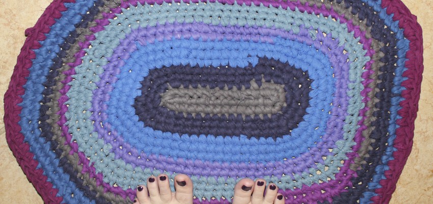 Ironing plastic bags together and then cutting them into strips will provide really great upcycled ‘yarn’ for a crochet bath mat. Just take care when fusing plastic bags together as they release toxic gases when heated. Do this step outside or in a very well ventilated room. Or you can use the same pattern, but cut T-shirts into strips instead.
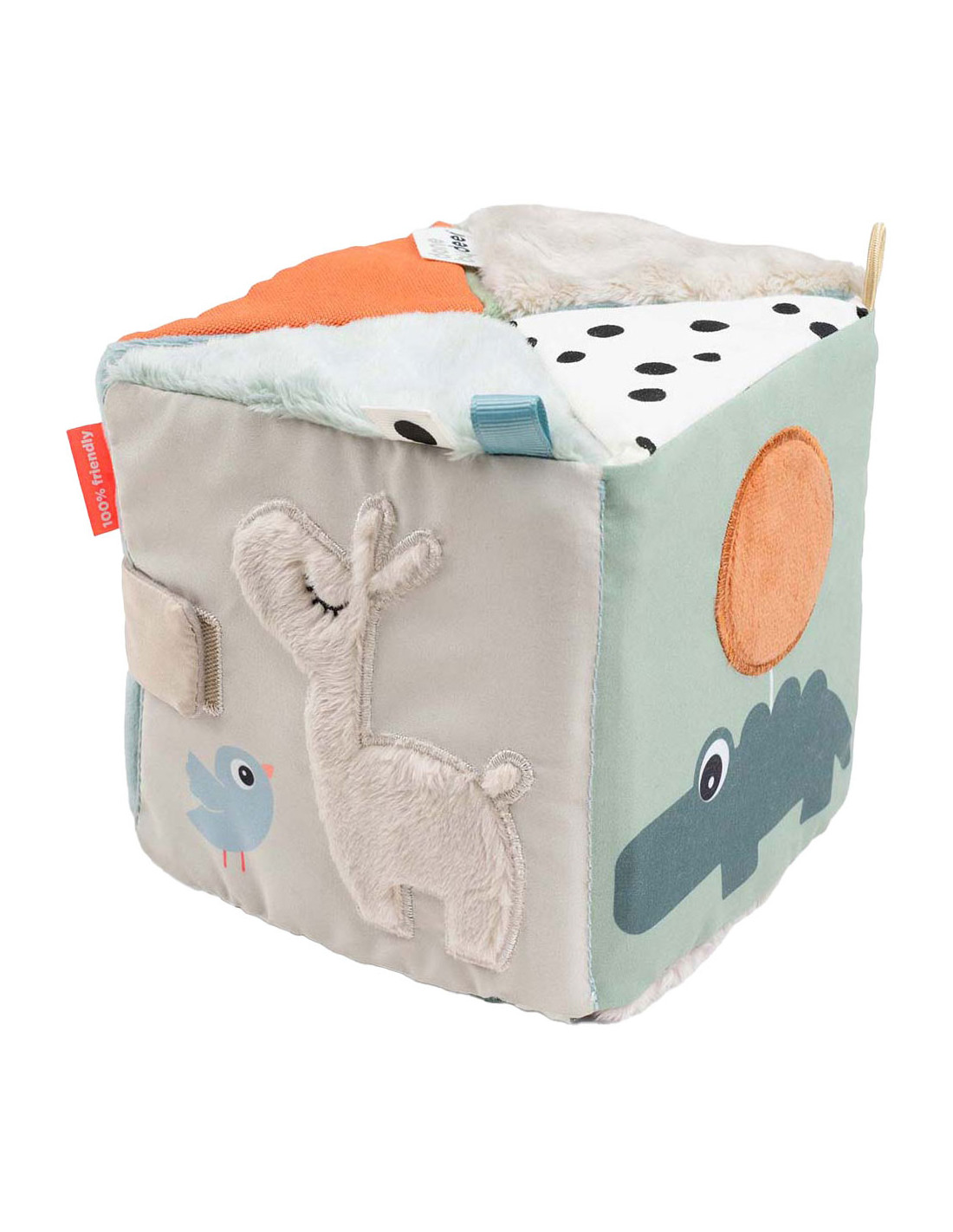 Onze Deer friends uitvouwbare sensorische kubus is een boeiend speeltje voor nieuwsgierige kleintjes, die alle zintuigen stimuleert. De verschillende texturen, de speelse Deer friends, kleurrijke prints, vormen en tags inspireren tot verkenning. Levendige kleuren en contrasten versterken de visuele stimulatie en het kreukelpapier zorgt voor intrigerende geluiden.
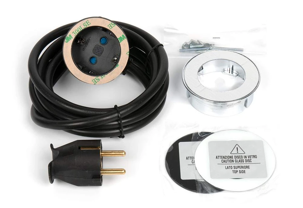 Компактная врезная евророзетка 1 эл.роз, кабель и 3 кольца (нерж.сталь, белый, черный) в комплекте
* * *
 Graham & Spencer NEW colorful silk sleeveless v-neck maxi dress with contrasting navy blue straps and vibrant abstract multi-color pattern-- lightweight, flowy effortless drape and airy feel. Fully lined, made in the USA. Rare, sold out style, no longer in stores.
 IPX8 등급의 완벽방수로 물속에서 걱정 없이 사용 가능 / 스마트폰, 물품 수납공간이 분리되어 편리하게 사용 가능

_WHAT TO DO_
Go down the entries above from the line containing "Ironing plastic bags" to the line containing "Компактная врезная евророзетка" and write out each line exactly, leaving pictures out.

_YOUR SOLUTION_
 Ironing plastic bags together and then cutting them into strips will provide really great upcycled ‘yarn’ for a crochet bath mat. Just take care when fusing plastic bags together as they release toxic gases when heated. Do this step outside or in a very well ventilated room. Or you can use the same pattern, but cut T-shirts into strips instead.
 Onze Deer friends uitvouwbare sensorische kubus is een boeiend speeltje voor nieuwsgierige kleintjes, die alle zintuigen stimuleert. De verschillende texturen, de speelse Deer friends, kleurrijke prints, vormen en tags inspireren tot verkenning. Levendige kleuren en contrasten versterken de visuele stimulatie en het kreukelpapier zorgt voor intrigerende geluiden.
 Компактная врезная евророзетка 1 эл.роз, кабель и 3 кольца (нерж.сталь, белый, черный) в комплекте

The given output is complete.